Leave out the pictures and restate exactly, and only, the lines from the one that contains "Золотое кольцо с" through the final line of the material below.

*** Data listing Section Begins ***

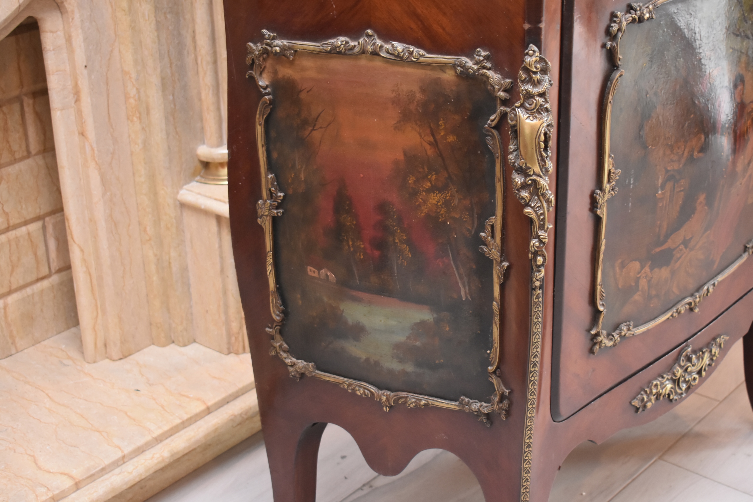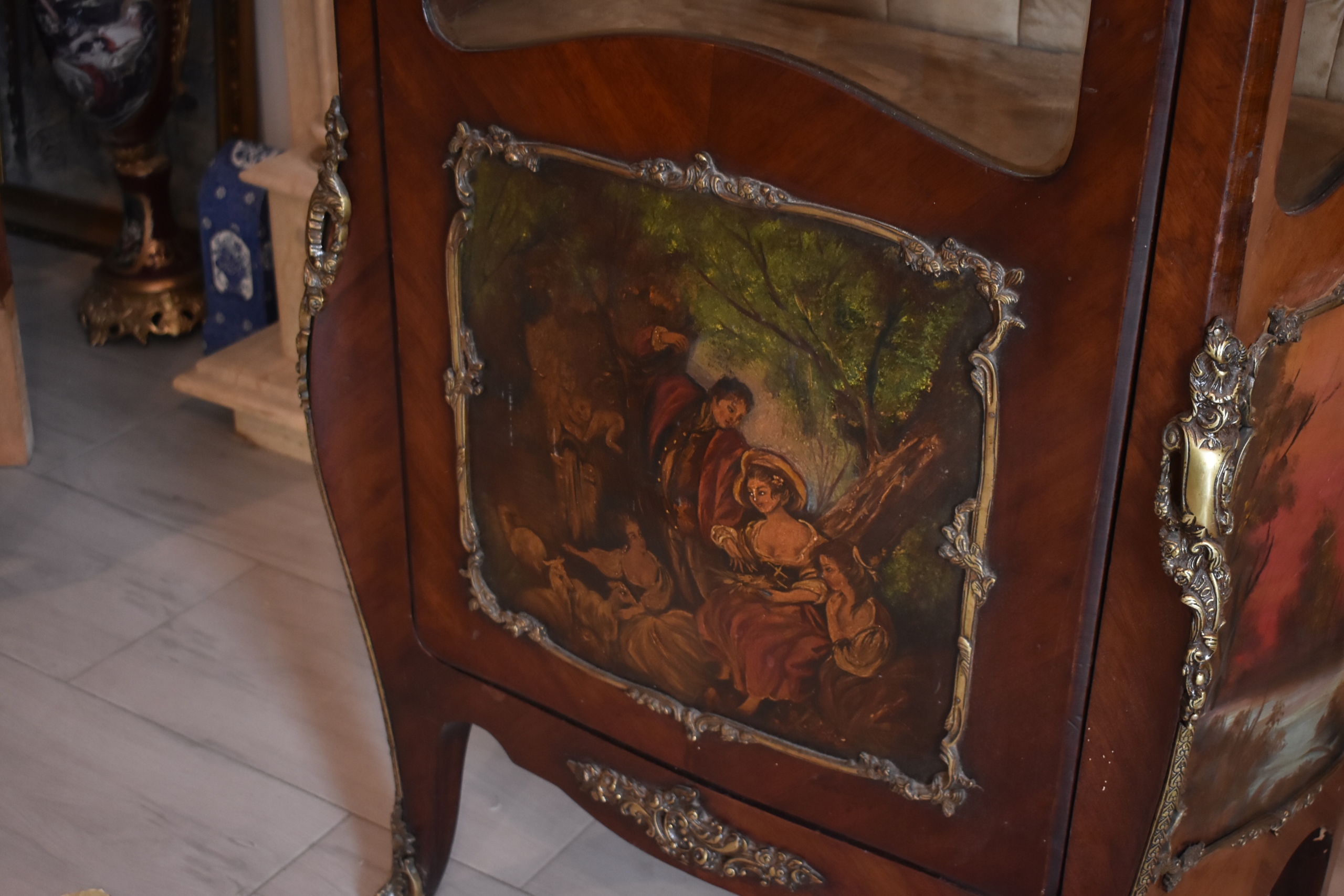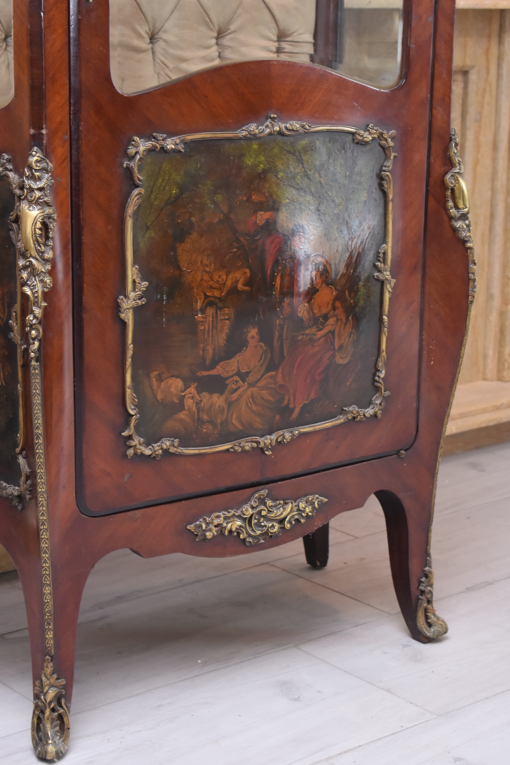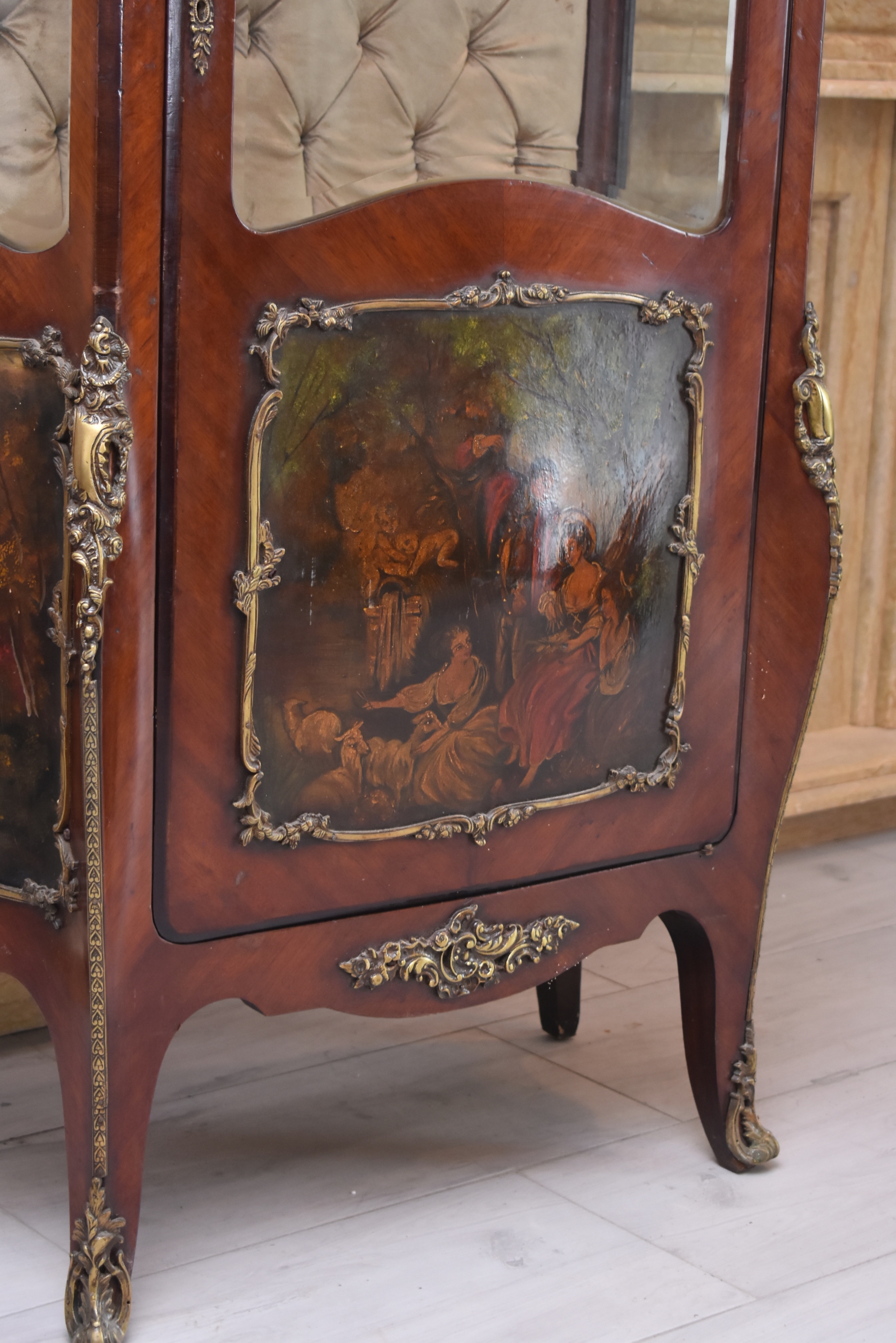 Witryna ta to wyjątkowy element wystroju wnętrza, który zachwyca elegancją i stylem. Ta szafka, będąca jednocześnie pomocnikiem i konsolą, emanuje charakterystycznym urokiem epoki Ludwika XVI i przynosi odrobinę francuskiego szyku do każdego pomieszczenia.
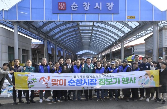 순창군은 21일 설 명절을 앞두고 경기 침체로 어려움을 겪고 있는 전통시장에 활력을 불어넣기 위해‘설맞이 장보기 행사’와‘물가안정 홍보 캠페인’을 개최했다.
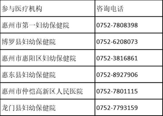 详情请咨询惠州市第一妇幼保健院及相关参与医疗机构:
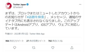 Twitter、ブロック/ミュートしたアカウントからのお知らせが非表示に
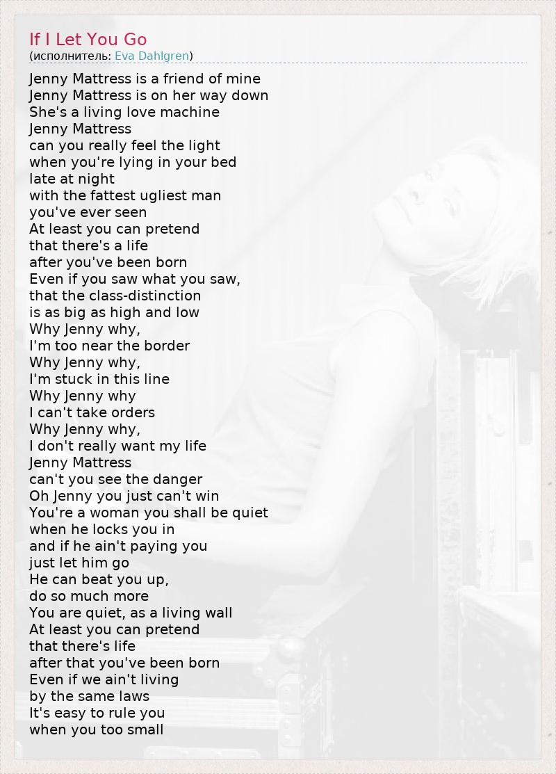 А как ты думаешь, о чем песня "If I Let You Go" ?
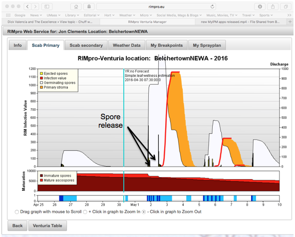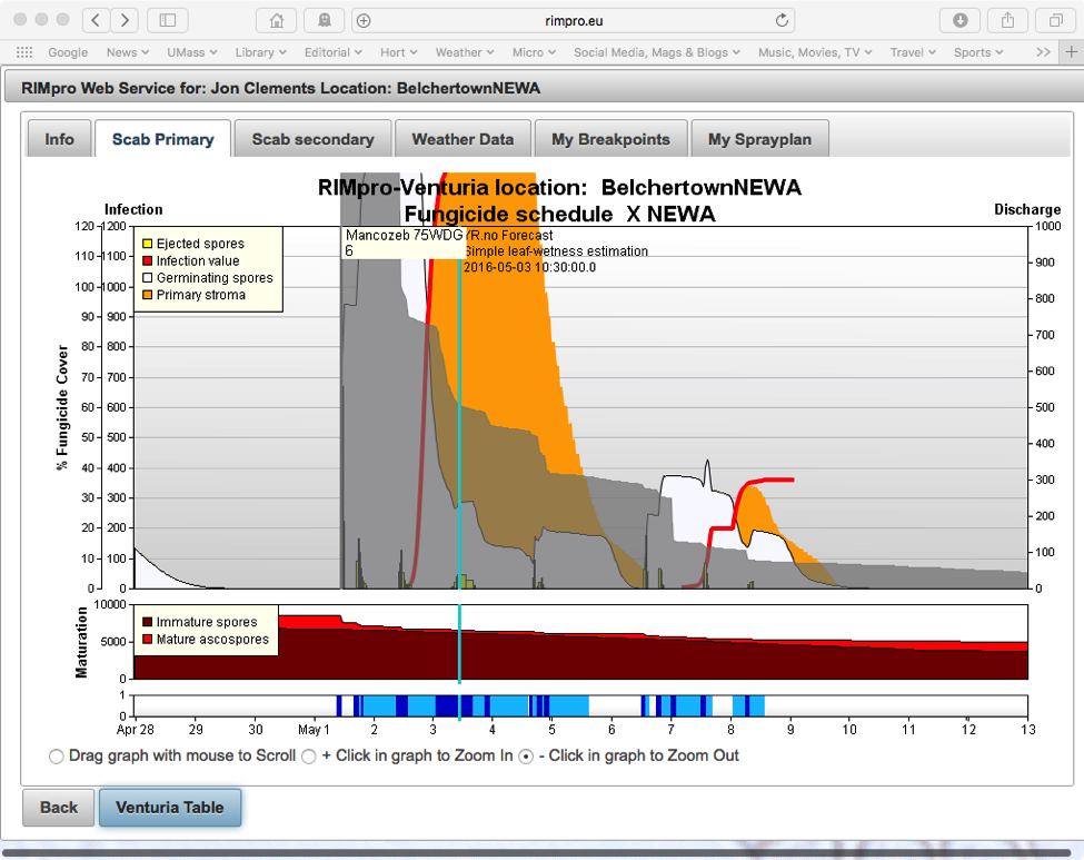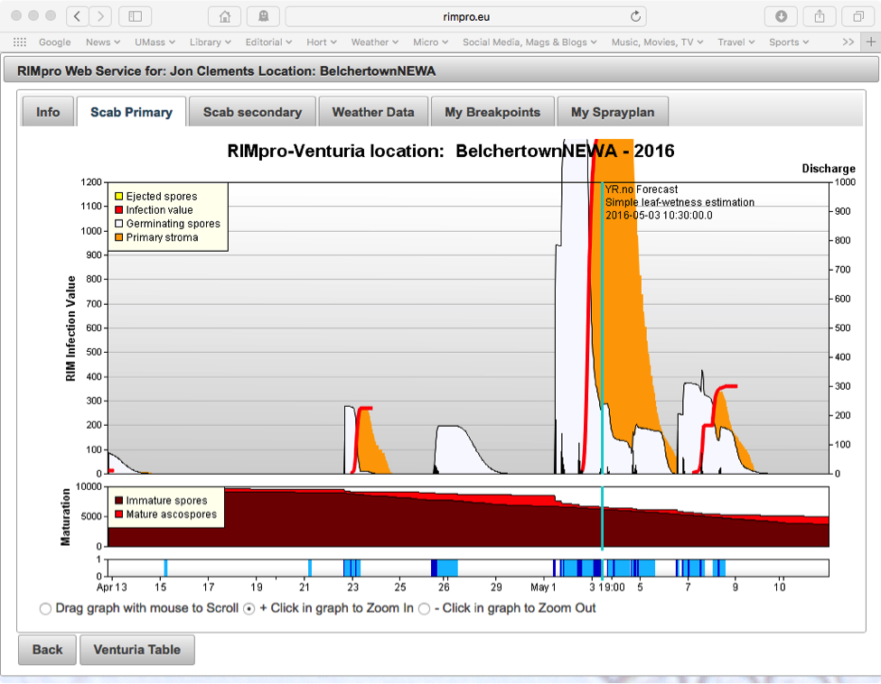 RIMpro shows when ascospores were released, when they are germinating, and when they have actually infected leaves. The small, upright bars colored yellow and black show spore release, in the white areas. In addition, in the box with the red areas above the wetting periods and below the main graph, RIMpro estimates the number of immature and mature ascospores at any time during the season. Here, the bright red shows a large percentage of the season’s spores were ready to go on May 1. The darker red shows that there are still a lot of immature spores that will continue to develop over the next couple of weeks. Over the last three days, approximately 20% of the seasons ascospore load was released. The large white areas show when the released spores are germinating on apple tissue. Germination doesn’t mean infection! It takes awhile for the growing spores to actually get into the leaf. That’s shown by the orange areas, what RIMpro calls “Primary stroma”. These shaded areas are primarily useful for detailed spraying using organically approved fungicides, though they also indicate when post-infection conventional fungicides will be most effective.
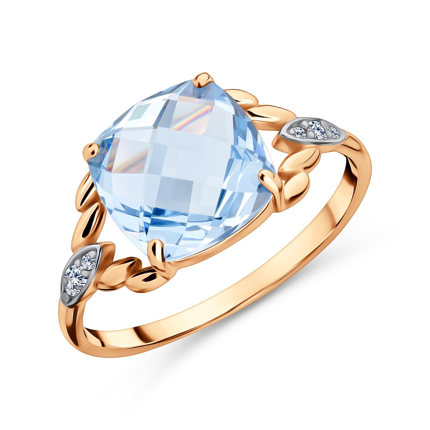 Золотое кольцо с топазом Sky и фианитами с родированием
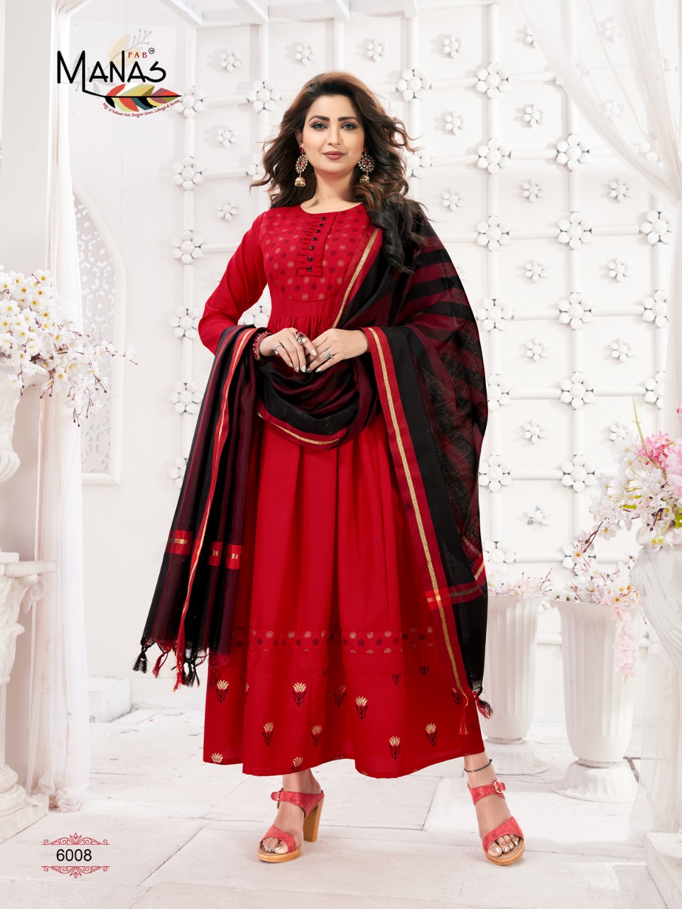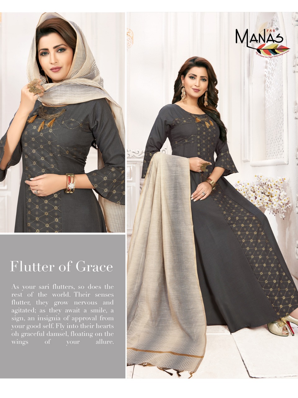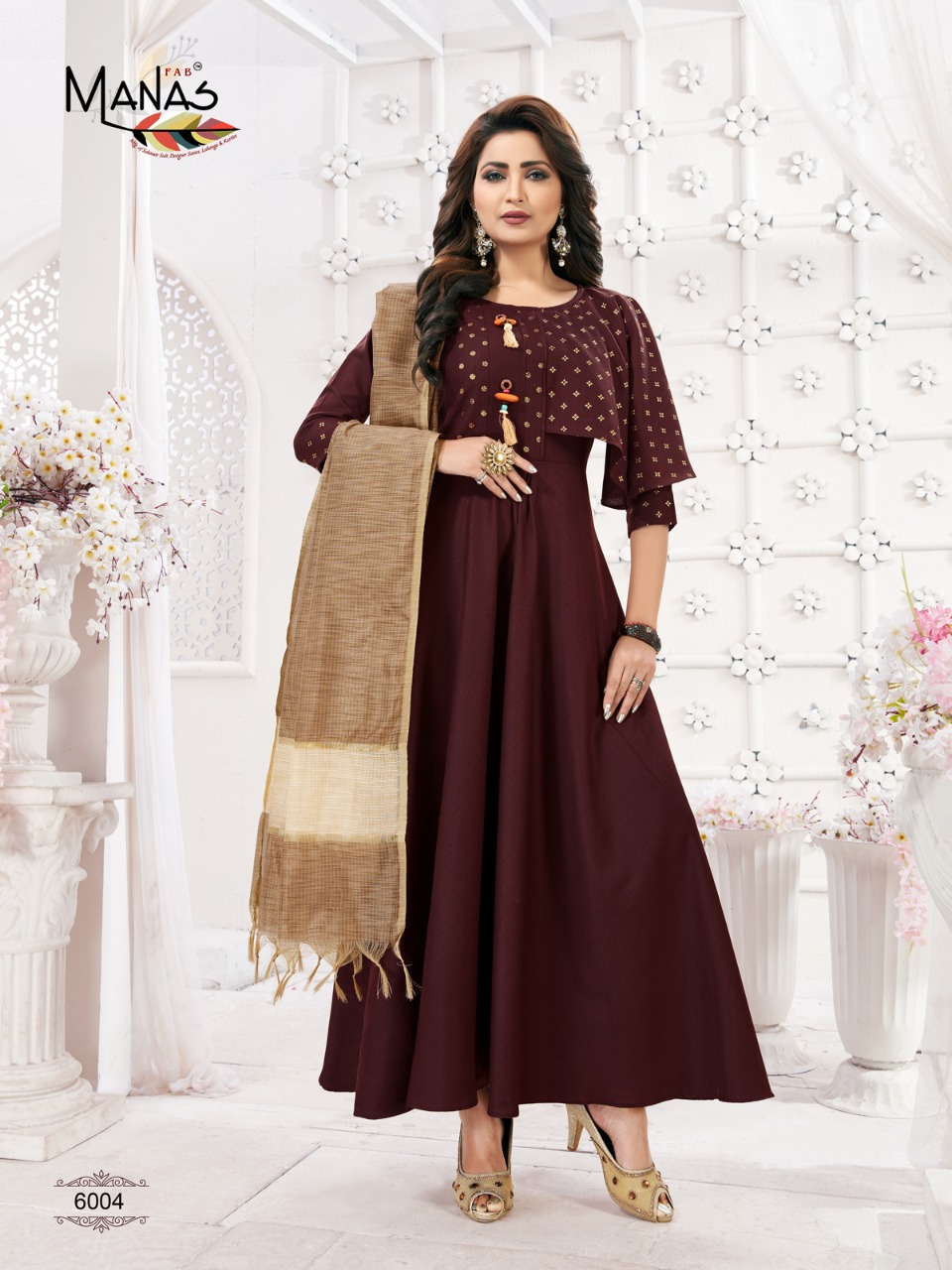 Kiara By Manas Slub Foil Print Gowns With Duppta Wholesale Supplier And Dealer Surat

*** Data listing Section Ends ***

### Exercise output
 Золотое кольцо с топазом Sky и фианитами с родированием
 Kiara By Manas Slub Foil Print Gowns With Duppta Wholesale Supplier And Dealer Surat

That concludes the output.